* ACTIVITY *
Once you find the line below that has "Line 1: MEMBER", output it and every line after it exactly, stopping after the line that has "your test drive!", with no pictures.

(INPUT RECORDS begins)

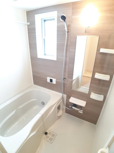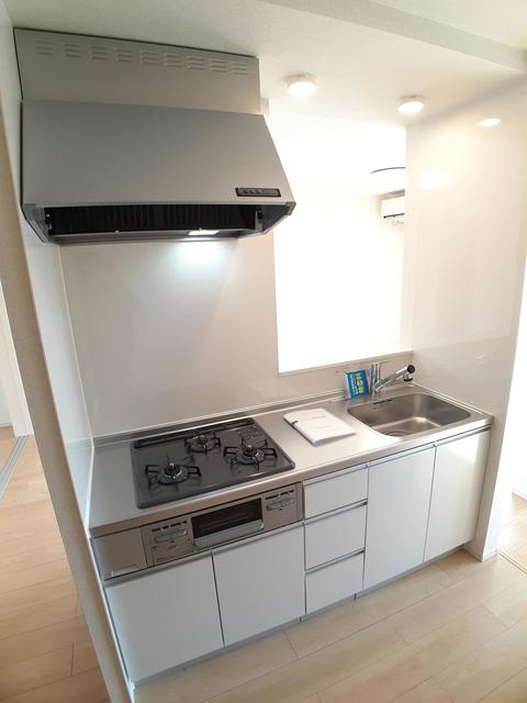バストイレ別、室内洗濯機置場、エアコン、システムキッチン、ウォークインクローゼット、床下収納、下足箱、BSアンテナ、追焚バス、宅配ボックス、カメラ付インターホン、照明器具、浴室換気乾燥機、物置、複層ガラス、洗髪洗面化粧台、シャワー、シャワー付トイレ、カウンターキッチン、インターネット使用料無料、24時間緊急対応、駐輪場
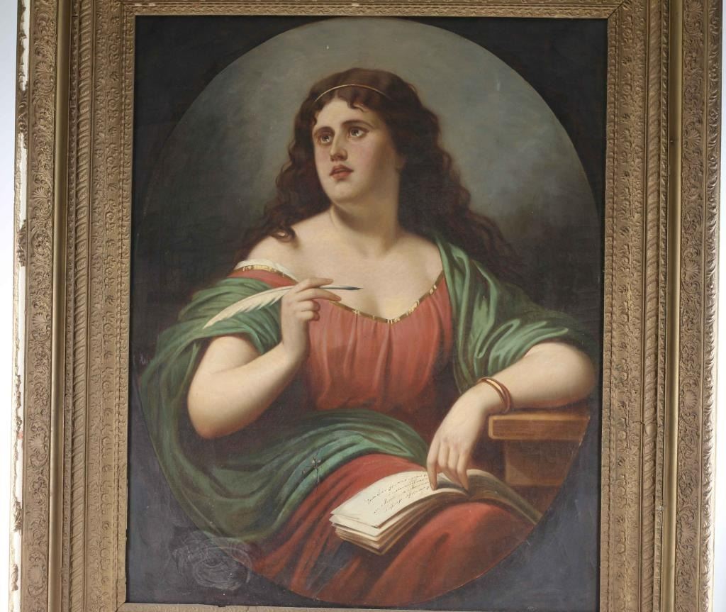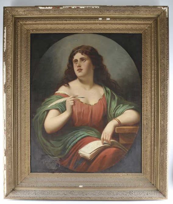 In original frame, probably Italian, dates back to early 1700's, this fine piece is unsigned, but needs further research. Its done in the style of a European old master. Condition is fair, colors are good, shows signs of cracking and chipping needs further treatment to be restored for museum quality. Picture size is 37x26, very large and beautiful intricate studded frame to the time period. Depicts a beautiful women writing with a feather pen.
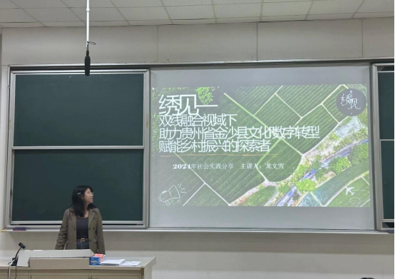 随后,“绣见——双线融合视域下助力贵州省金沙县文化IP数字转型赋能乡村振兴”团队队长龙文雪,简述项目的整体概况后,讲述前期准备、实地走访方面的经历和实践总结。
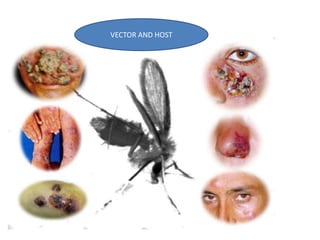 Leishmania is a genus of protozoan parasites that causes leishmaniasis, a vector-borne disease spread by sandfly bites. It exists in two forms: amastigotes within host cells and promastigotes in sandflies. The disease manifests as visceral, cutaneous, or mucocutaneous leishmaniasis depending on the infected tissues. Visceral leishmaniasis affects internal organs while cutaneous primarily affects the skin. Diagnosis involves detecting the parasites microscopically or through culture. Treatment involves pentavalent antimonials, amphotericin B, or miltefosine. Control relies on reducing sandfly and reservoir populations through insecticides and treating
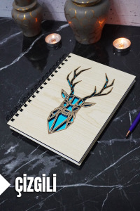 Geyik Figürlü Ahşap Kapaklı Defter - Çizgili Defter - Ajanda - Okul Defteri (A5 - 120 Sayfa)
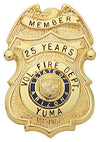 Line 1: MEMBER Line 2: 25 YEARS Line 3: VOL. FIRE DEPT. Line 4: YUMA
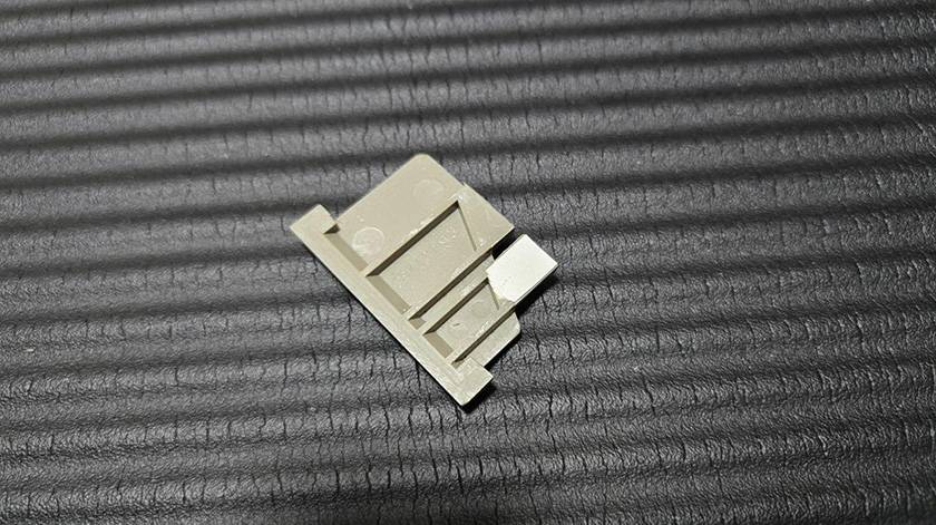 経年劣化のせいかツメの付け根が白くなっているので、割れないようタミヤの工作用プラバンと接着剤で補強しました。将来的に肉抜き部分は一部パテで埋める予定です。
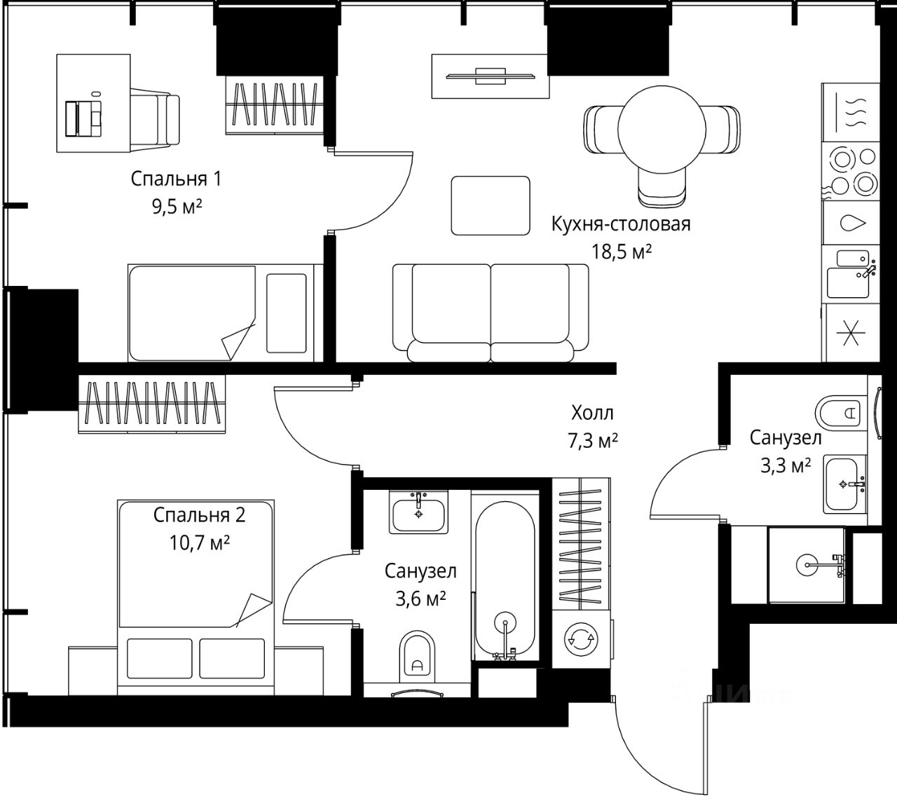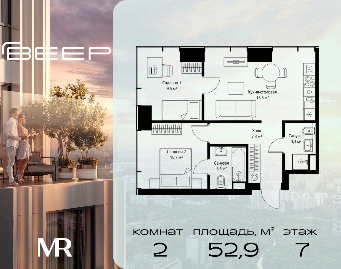 Продаётся 2-комнатная квартира общей площадью 52.90 м² с предчистовой отделкой в ЖК Веер на 7-м этаже 46 этажного дома.
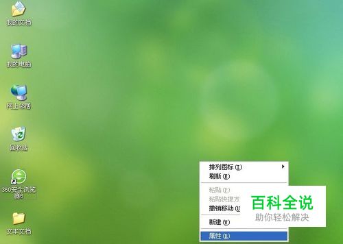 把鼠标放在桌面,点击鼠标右键,选择“属性”。如图:
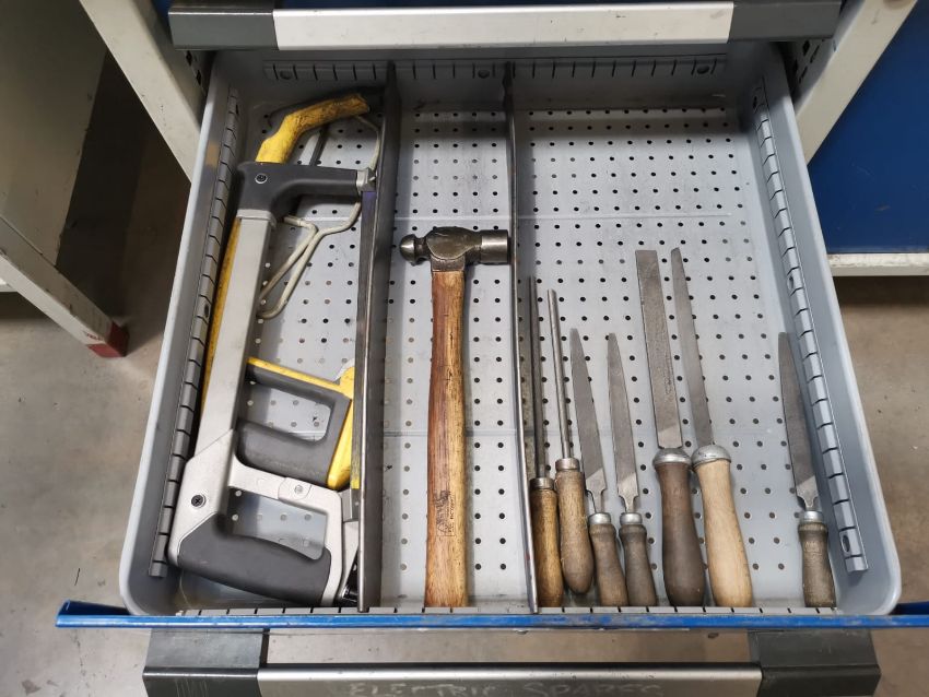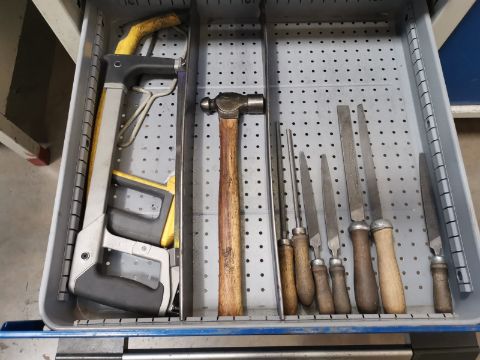 Contents of Drawer compromising of Hand Saws, Wooden Handles Files and Hammer
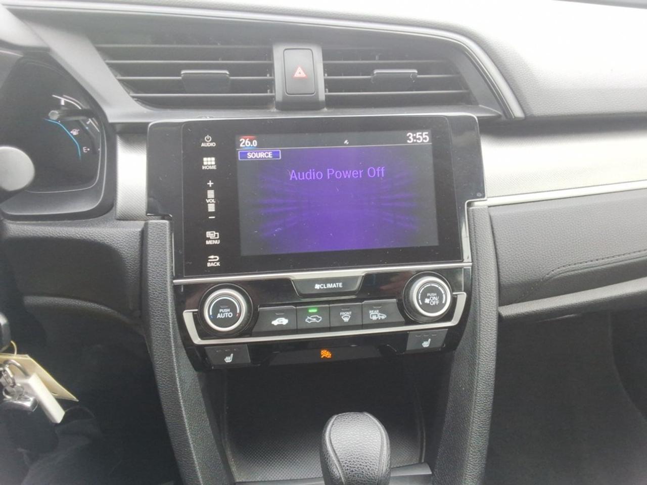 *** CASH PURCHASE PRICE $18666 PLUS HST *** The 2018 Honda Civic Sedan LX CVT in striking blue with a front-wheel-drive system offers a balanced and engaging driving experience. Its sleek design is complemented by features that ensure both comfort and style, making every journey a pleasure. With a thoughtfully designed exterior, this sedan stands out with its modern aesthetic while providing practicality. Inside, the cabin is spacious and well-appointed, featuring air conditioning and heated front seats, ensuring a comfortable ride regardless of the weather. Standard power windows and keyless entry add convenience to your daily drive. The Civic's innovative technology package includes a backup camera for easier parking, Bluetooth connection for hands-free capabilities, and smart device integration to keep you connected. Safety features such as brake assist enhance your peace of mind, while cruise control and heated mirrors ensure an enjoyable drive. This vehicle is ideal for those seeking a reliable yet stylish sedan that excels in both urban and highway conditions. Families, daily commuters, and technology enthusiasts alike will appreciate the harmonious blend of features and design. Contact us today to learn more about this impressive Civic Sedan and arrange your test drive!
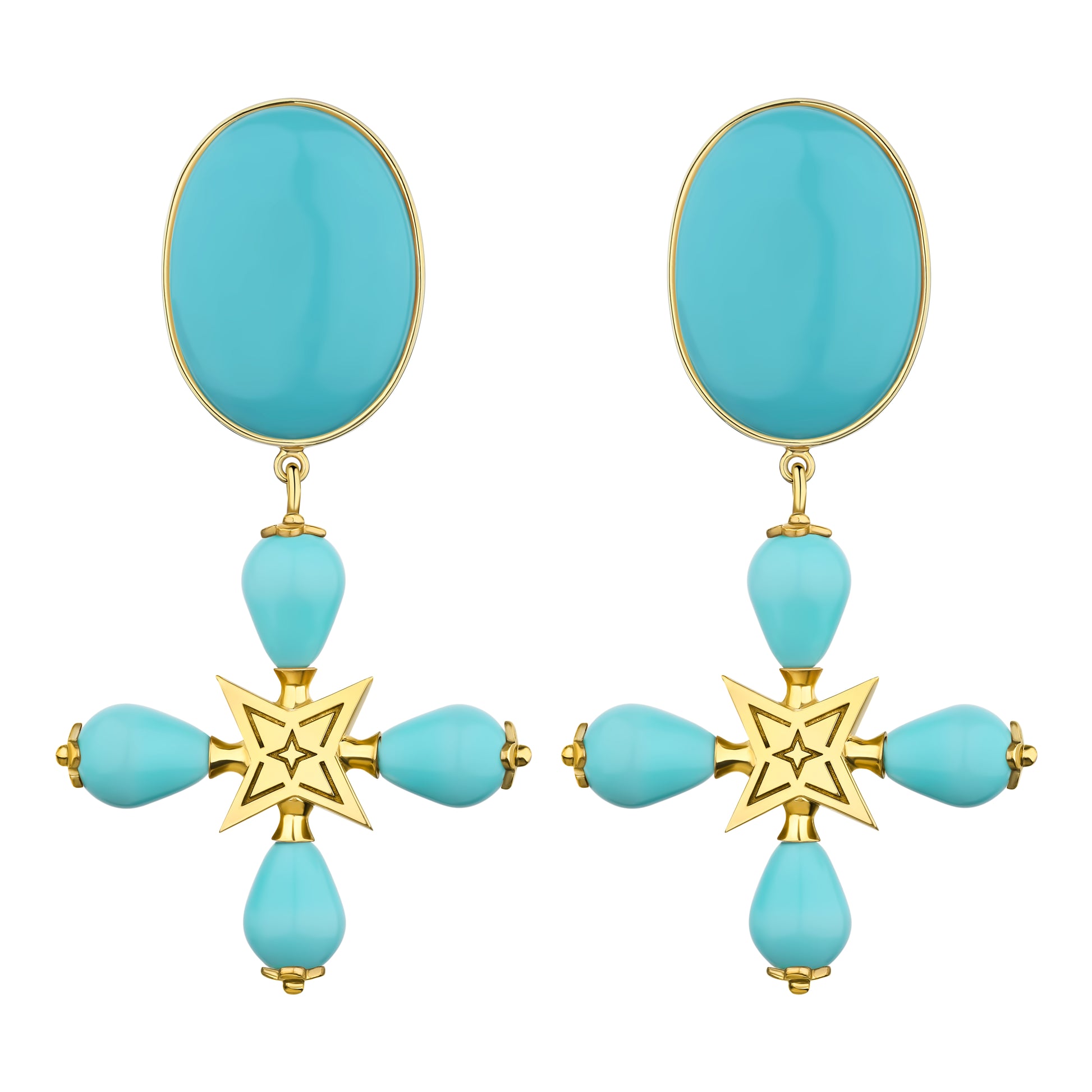 Made of 24-karat gold-plated brass and turquoise stones, a cross made of ceramic beads. Nickel-free. Length: 8 cm. Weight: 19 g (one earring)
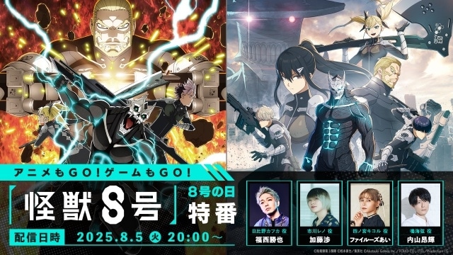 また、8月5日の“8号の日”に特番配信が決定。福西勝也さん(日比野カフカ/怪獣8号役)、加藤 渉さん(市川レノ役)、ファイルーズあいさん(四ノ宮キコル役)、内山昂輝さん(鳴海 弦役)が出演します。
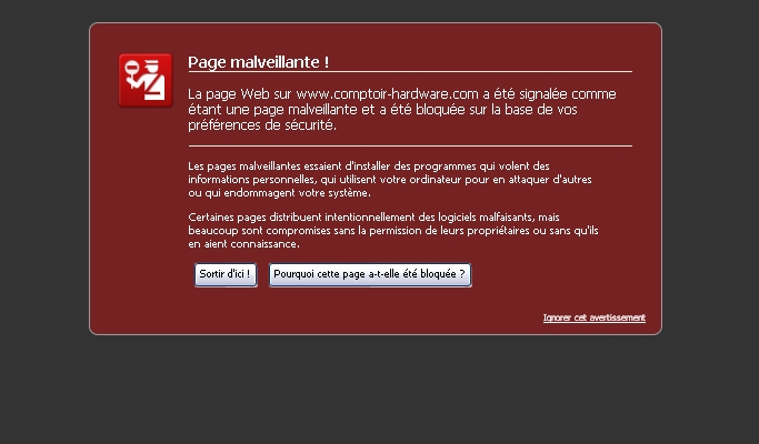 Depuis ce matin j'ai un message qui me met que comptoire du hardware est une page malveillante et j'ai beau lui dire que ce n'est pas un site malveillant, je n'ai pas moyen de l'afficher...
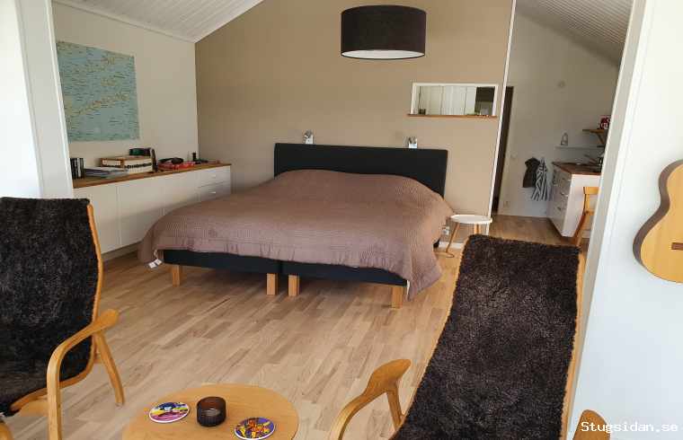 sovrum med dubbelsäng och sittdel, ett litet kök om ni önskar göra te eller kaffe
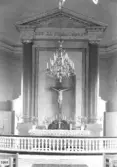 Vykort med motiv av Gustav Adolfs kyrka, exteriört och interiört.
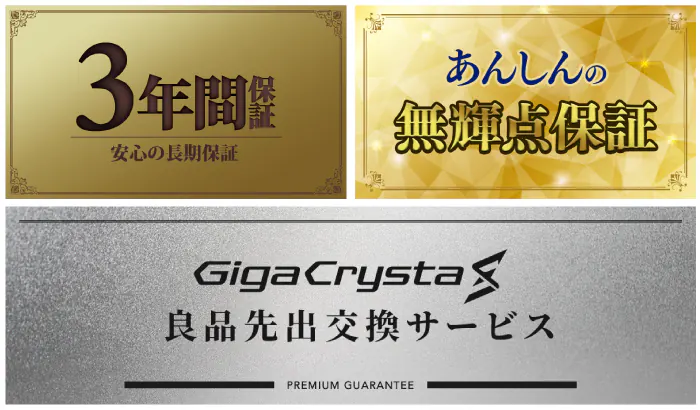 液晶パネルを含む3年保証、1ヶ月以内の無輝点保証(= 光ってるドットを1/3個も許さない)、DELLに匹敵する良品先出交換サービスも対応。
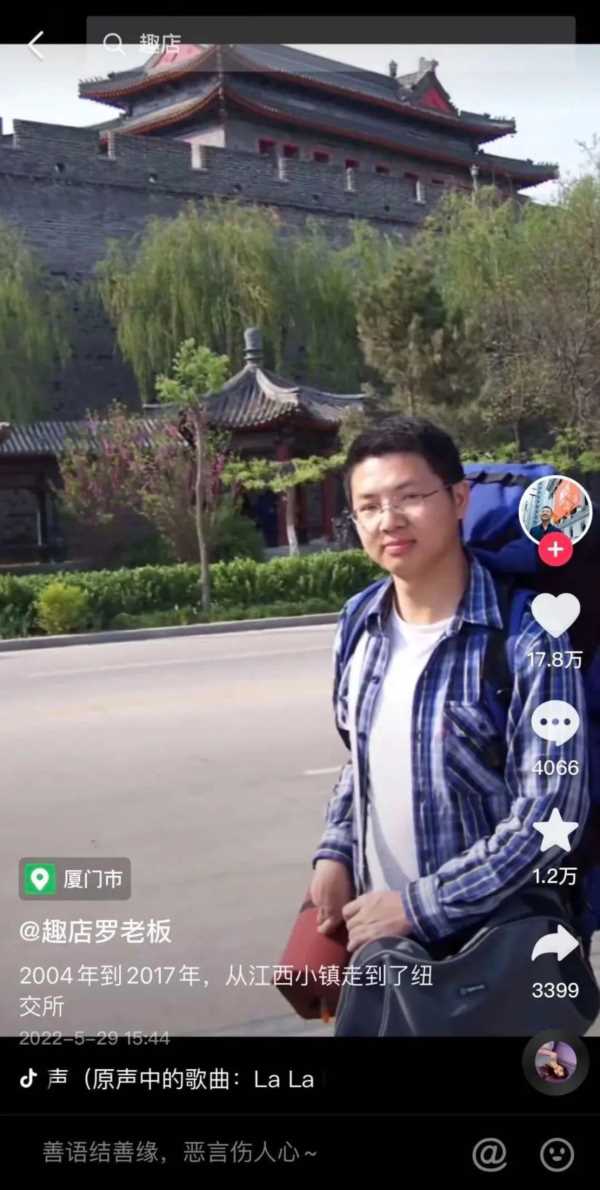 为了预制菜大业,罗敏确实是挖空了心思。 在今年5月份,他就开始在抖音上精心打造起一个励志人设。在他最高赞的短视频里,一个从学生装扮的青涩青年,摇身一变成为站在纽交所门外的成功人士,视频配文:2004~2017年,从江西小镇到纽交所。(最近可能是骂他的人太多,罗老板删了这条置顶作品)
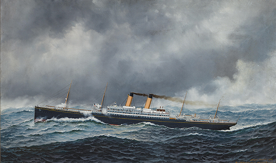 "The R.M.S. Cedric at sea, 1906" by Antonio Jacobson, (1850 - 1921).
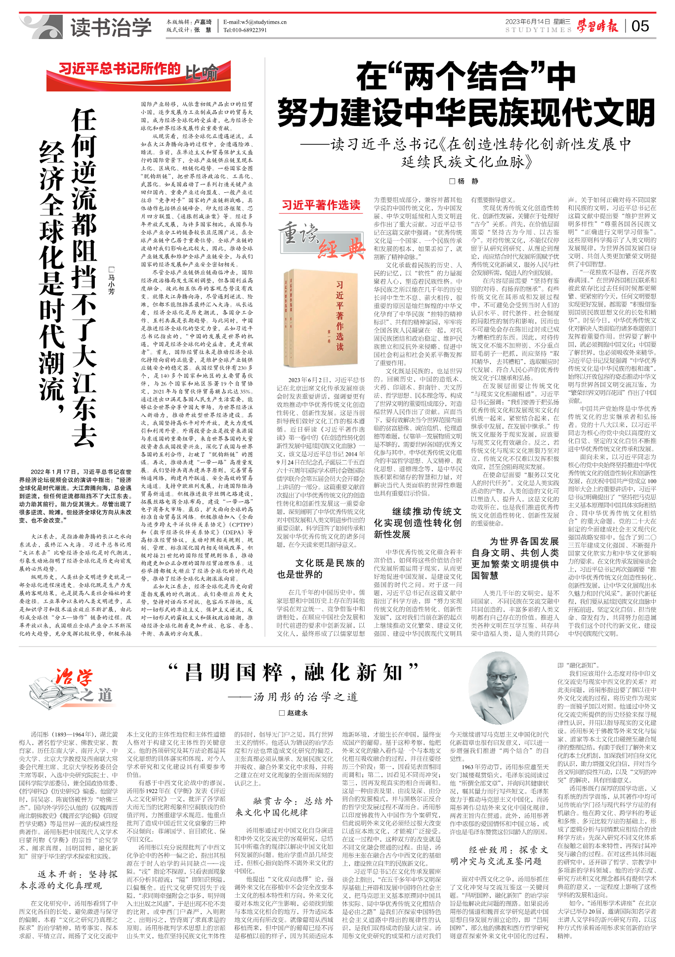 2023年6月2日,习近平总书记在北京出席文化传承发展座谈会时发表重要讲话,强调要更有效地推动中华优秀传统文化创造性转化、创新性发展。这是当前指导我们做好文化工作的根本遵循。近日研读《习近平著作选读》第一卷中的《在创造性转化创新性发展中延续民族文化血脉》一文,该文是习近平总书记2014年9月24日在纪念孔子诞辰二千五百六十五周年国际学术研讨会暨国际儒学联合会第五届会员大会开幕会上讲话的一部分。这篇重要文献首次提出了中华优秀传统文化的创造性转化和创新性发展这一重要命题,深刻阐明了中华优秀传统文化对中国发展和人类文明进步作出的重要贡献,科学回答了如何传承和发展中华优秀传统文化的诸多问题,在今天读来更具指导意义。

(INPUT RECORDS ends)

* ANSWER BELOW *
 Line 1: MEMBER Line 2: 25 YEARS Line 3: VOL. FIRE DEPT. Line 4: YUMA
 経年劣化のせいかツメの付け根が白くなっているので、割れないようタミヤの工作用プラバンと接着剤で補強しました。将来的に肉抜き部分は一部パテで埋める予定です。
 Продаётся 2-комнатная квартира общей площадью 52.90 м² с предчистовой отделкой в ЖК Веер на 7-м этаже 46 этажного дома.
 把鼠标放在桌面,点击鼠标右键,选择“属性”。如图:
 Contents of Drawer compromising of Hand Saws, Wooden Handles Files and Hammer
 *** CASH PURCHASE PRICE $18666 PLUS HST *** The 2018 Honda Civic Sedan LX CVT in striking blue with a front-wheel-drive system offers a balanced and engaging driving experience. Its sleek design is complemented by features that ensure both comfort and style, making every journey a pleasure. With a thoughtfully designed exterior, this sedan stands out with its modern aesthetic while providing practicality. Inside, the cabin is spacious and well-appointed, featuring air conditioning and heated front seats, ensuring a comfortable ride regardless of the weather. Standard power windows and keyless entry add convenience to your daily drive. The Civic's innovative technology package includes a backup camera for easier parking, Bluetooth connection for hands-free capabilities, and smart device integration to keep you connected. Safety features such as brake assist enhance your peace of mind, while cruise control and heated mirrors ensure an enjoyable drive. This vehicle is ideal for those seeking a reliable yet stylish sedan that excels in both urban and highway conditions. Families, daily commuters, and technology enthusiasts alike will appreciate the harmonious blend of features and design. Contact us today to learn more about this impressive Civic Sedan and arrange your test drive!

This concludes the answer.